Trusheim believes allowing groups to petition for small bundles of money throughout the year will cut back on any possible misappropriation of funds. “[Currently] if a Special Fees application just lists ‘hotel rental over Spring Break,’ there’s nothing to say they can’t use that money to rent a hotel in Hawaii. [Under SAFE Reform], if the Funding Board allocates a grant for a hotel rental for a specific program on a certain date in a certain location, we have much more understanding whether going to Hawaii was the intent of the student body. If the ASSU has funded ‘Officer Meeting Food,’ there’s nowhere that says they can’t use that at Sundance Steakhouse; but a more in-depth approval process enabled by SAFE Reform can allow the student body to have specific approval power over whether that expense is reasonable.”

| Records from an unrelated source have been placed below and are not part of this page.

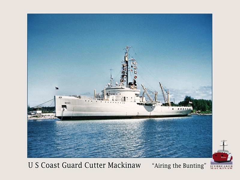 The United States Coast Guard Cutter MACKINAW WAGB-83 was built as part of the war effort during World War II to meet the heavy demands placed on industry for an increase in production of war materials. Tremendous increases in the movement of iron ore, limestone and coal for the nation’s steel mills were particularly necessary. In order to keep tonnage on the move into the winter months an icebreaker was needed. Congress authorized construction of MACKINAW on December 17, 1941, ten days after the attack on Pearl Harbor. Funds were provided from a Special Presidential Fund used to expedite desirable projects.
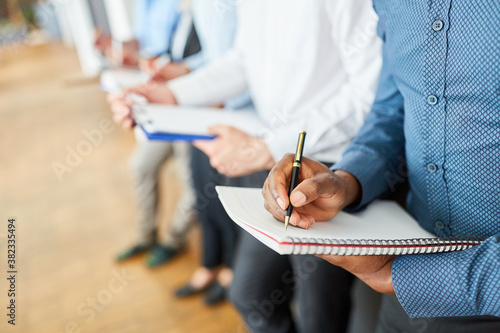 Gruppe Geschäftsleute macht Notizen mit Stift
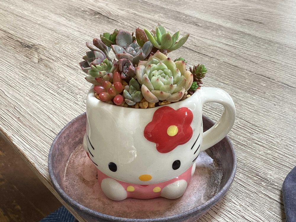 お土産のコーヒーカップを穴開けて多肉鉢にしました
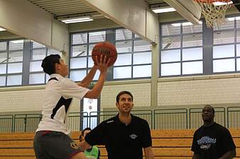 Ein besonderes Highlight für alle war das Turnierspiel mit den Basketballprofis zu Beginn und zum Abschluss des Projekttages, bei welchem sich die Profis der Wohnbau Baskets, wie z.B. Chris Alexander, den einen oder anderen Spass mit den Schülern erlaubte. Zum Abschluss des Tages gab es noch Freikarten für das nächste Bundesliga-Spiel der Wohnbau Baskets gegen die Giants aus Düsseldorf. Insgesamt war es ein erfolgreicher Tag für alle, da das Interesse der Schüler für dieses Thema gestärkt und gefestigt wurde. Wir hoffen, dass sich in Zukunft weitere Gelegenheiten ergeben werden, damit auch weitere Klassen von ähnlichen Veranstaltungen profitieren können.
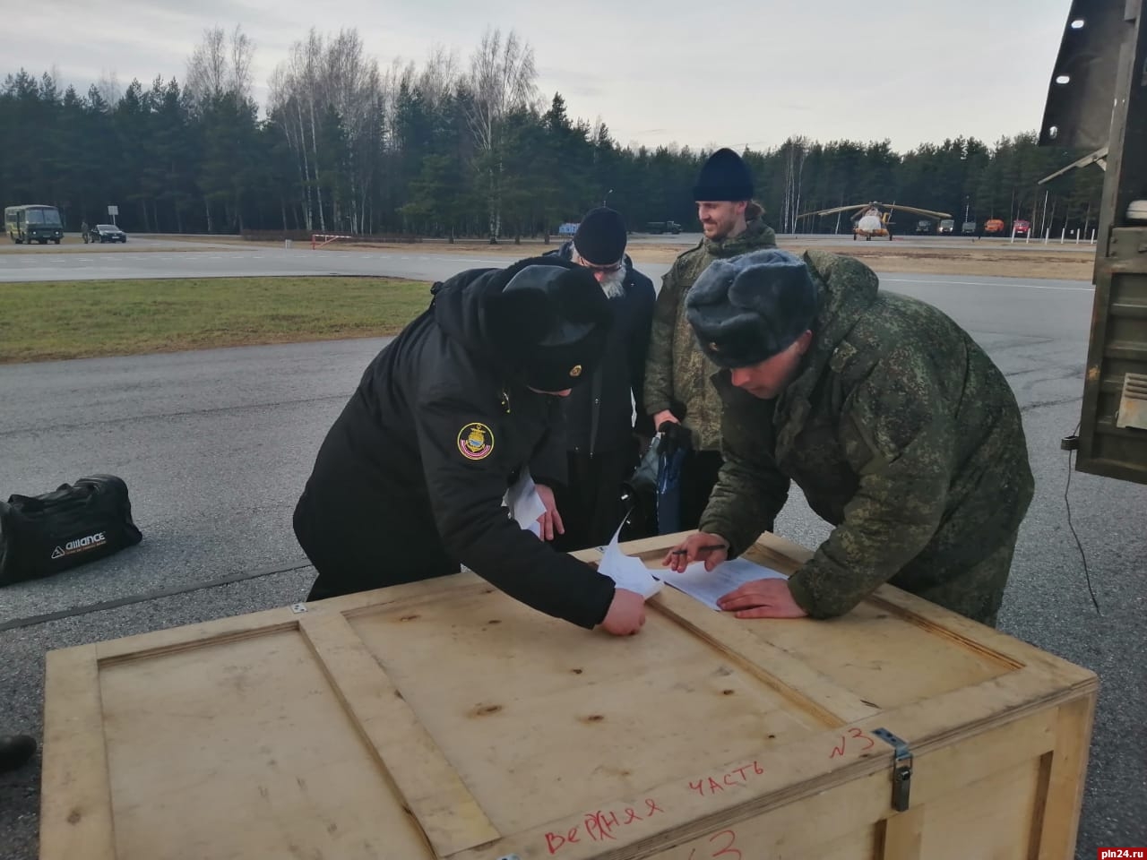 Накануне, на военный аэродром в Санкт-Петербурге, приземлился самолет с иконой на борту, где ее передали военнослужащим соединения для доставки в Псков.

Talk to me about individual savings. In dollars, how much would SAFE Reform save me?
“The most important part of SAFE Reform is that it caps the annual student fee at around $360 [per year] and only allows it to increase with inflation,” Ben Holston affirms. This is a significant cut from the current $420-$450, saving students hundreds of dollars over their four years at Stanford.
A constitutional amendment enacting SAFE Reform will be up for a Senate vote in Week 8. While advocates are still rallying the support of student groups, Holston is “confident” that they can get it passed. If approved by the ASSU, the measure would be on the ballot for student body approval this spring. If ratified by the student body, SAFE Reform would take effect beginning the 2015-2016 school year.